Items Set by the IRS

  • Annual reporting by retirement plans—one-participant plans are exempt from reporting if plan assets at the end of the year do not exceed $250,000 (and this is not the final year of the plan).
  • Below market loans—low- and no-interest loans can trigger taxable income to the lender; the interest rate for determining whether a loan is below the market rate is fixed by the IRS. An annual blended rate applies for below market loans outstanding for the full year (e.g., 0.73% for 2016).
  • Building improvements—under a safe harbor method for small taxpayers, they can be capitalized if they do not exceed the lesser of $10,000 or 2% of the unadjusted basis of the building as long as the building's unadjusted basis is no more than $1 million.
  • Dollar limits on depreciating vehicles under 6,000 pounds—the amount of depreciation each year that the vehicle is owned is capped (the year in which the vehicle is placed in service affects the applicable cap for the remainder of the period of ownership).

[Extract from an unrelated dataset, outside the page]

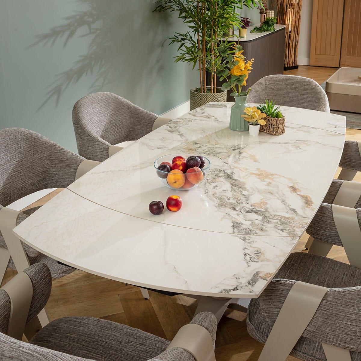 The small Johnson extendable dining table introduces a unique colour palette with a white ceramic marble top enhanced by graceful veining. The polished surface offers refinement while ceramic resists scratches, stains and heat. A beige metal base with a distinctive modern silhouette supports the 6 seater format. Curved edges soften the geometry, giving the piece an elegant, contemporary character. Measuring 120 x 88cm and reaching 160cm when opened, the tabletop extends effortlessly as concealed leaves emerge while you rotate it using the innovative auto-extend mechanism. Closing leaves no separation, keeping the surface flawless. Premium ceramic and robust steel ensure lasting strength. Quatropi stands for quality, backed by superior craftsmanship.

  • Deemed depreciation for business vehicles—if expenses for business use of a personal vehicle owned by the taxpayer is figured using the IRS's standard mileage allowance, then the basis of the vehicle is reduced by a set amount per mile (e.g., 24¢ per mile in 2016).

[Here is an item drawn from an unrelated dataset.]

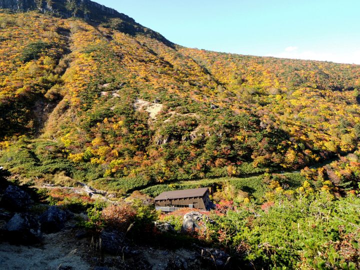 紅葉に彩られた斜面の下に、くろがね小屋が現れた。

  • Group-term life insurance—the value of coverage over $50,000 that is taxable to employees.
  • Home office deduction—under the simplified method, the deduction is figured at $5 per square foot up to 300 square feet of space.
  • Inclusion amount—the amount of income taken into account for business use of a personal vehicle that is leased.
  • Mileage allowance—the rate per mile used to determine the deduction for business use of a personal vehicle instead of deducting the actual costs.
  • Per diem travel rates—the IRS sets the rate for a daily deduction covering lodging, meals, and incidental expenses for travel to high-cost areas and all other areas within the continental U.S. The General Services Administration also has per diem rates.
  • Simplified Schedule C—it can only be filed if business expenses are $5,000 or less.
  • Travel and entertainment costs—no receipt is required for the cost of travel and entertainment expenses under $75. However, a receipt is required for lodging costs, regardless of amount.